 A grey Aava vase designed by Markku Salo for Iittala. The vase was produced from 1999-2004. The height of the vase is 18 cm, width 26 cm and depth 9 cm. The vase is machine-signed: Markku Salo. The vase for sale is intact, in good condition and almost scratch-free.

...

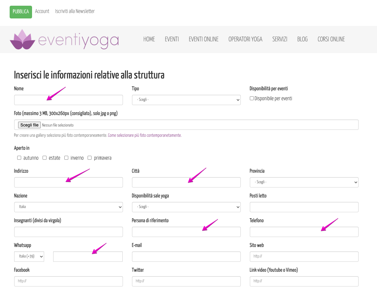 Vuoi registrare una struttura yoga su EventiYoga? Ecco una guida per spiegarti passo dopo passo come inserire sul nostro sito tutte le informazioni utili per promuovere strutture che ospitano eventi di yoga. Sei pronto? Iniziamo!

...

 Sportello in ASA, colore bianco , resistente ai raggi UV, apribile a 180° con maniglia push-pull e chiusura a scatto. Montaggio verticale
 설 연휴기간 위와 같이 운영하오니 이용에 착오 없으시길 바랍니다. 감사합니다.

Your assignment: Reproduce the lines of the entries above from the one with "Sportello in ASA, colore" to the one with "설 연휴기간 위와 같이 운영하오니 이용에 착오 없으시길 바랍니다. 감사합니다.", both included, exactly and without any other line.

Answer for the task:
 Sportello in ASA, colore bianco , resistente ai raggi UV, apribile a 180° con maniglia push-pull e chiusura a scatto. Montaggio verticale
 설 연휴기간 위와 같이 운영하오니 이용에 착오 없으시길 바랍니다. 감사합니다.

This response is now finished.